To do
Write out exactly the lines of the entries below from the one holding "a hooded cloak" to the one holding "Trouble is the", inclusive, and leave out all other lines.

Data extract
== Segment start ==

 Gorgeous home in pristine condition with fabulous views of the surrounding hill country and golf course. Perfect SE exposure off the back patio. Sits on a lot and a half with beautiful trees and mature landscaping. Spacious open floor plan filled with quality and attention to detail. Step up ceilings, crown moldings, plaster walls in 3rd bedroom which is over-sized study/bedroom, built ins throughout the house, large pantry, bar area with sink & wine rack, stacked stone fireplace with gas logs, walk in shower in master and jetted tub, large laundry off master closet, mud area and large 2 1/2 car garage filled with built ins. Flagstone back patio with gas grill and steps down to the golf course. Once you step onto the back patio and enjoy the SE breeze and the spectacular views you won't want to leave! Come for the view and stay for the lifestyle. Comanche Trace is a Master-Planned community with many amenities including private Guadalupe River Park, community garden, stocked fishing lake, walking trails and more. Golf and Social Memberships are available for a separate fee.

== Segment end ==
== Segment start ==

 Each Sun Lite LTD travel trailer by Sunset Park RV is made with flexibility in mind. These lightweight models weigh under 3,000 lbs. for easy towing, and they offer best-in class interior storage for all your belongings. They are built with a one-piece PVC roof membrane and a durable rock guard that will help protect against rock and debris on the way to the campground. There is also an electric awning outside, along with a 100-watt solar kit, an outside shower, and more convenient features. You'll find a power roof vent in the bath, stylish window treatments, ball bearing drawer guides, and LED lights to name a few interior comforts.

== Segment end ==
== Segment start ==

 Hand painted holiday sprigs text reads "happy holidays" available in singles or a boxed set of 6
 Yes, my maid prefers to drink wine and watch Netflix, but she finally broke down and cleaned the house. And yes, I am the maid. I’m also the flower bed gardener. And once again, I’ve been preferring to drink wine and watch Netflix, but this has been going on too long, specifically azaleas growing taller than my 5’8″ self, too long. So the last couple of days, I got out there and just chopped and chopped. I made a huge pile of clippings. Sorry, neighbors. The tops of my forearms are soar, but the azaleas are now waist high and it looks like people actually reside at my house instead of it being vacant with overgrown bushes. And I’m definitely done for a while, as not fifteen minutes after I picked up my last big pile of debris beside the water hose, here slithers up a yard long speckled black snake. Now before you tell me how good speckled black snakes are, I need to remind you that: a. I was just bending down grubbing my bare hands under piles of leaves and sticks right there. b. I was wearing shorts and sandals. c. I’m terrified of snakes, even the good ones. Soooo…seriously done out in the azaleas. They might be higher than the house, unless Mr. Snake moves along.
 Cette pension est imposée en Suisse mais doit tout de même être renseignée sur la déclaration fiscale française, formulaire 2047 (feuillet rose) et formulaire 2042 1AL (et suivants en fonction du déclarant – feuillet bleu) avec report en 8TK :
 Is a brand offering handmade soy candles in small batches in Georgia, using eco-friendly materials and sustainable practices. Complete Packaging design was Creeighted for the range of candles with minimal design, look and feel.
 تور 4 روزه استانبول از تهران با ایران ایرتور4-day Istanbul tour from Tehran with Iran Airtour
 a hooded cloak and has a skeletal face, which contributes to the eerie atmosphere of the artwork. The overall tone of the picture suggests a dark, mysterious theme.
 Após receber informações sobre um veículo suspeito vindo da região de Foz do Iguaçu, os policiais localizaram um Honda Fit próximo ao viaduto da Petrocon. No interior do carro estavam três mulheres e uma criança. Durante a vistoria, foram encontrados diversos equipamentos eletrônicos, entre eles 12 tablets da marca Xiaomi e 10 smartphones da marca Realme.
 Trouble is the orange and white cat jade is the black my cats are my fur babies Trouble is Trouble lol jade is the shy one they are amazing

== Segment end ==

Exercise response
 a hooded cloak and has a skeletal face, which contributes to the eerie atmosphere of the artwork. The overall tone of the picture suggests a dark, mysterious theme.
 Após receber informações sobre um veículo suspeito vindo da região de Foz do Iguaçu, os policiais localizaram um Honda Fit próximo ao viaduto da Petrocon. No interior do carro estavam três mulheres e uma criança. Durante a vistoria, foram encontrados diversos equipamentos eletrônicos, entre eles 12 tablets da marca Xiaomi e 10 smartphones da marca Realme.
 Trouble is the orange and white cat jade is the black my cats are my fur babies Trouble is Trouble lol jade is the shy one they are amazing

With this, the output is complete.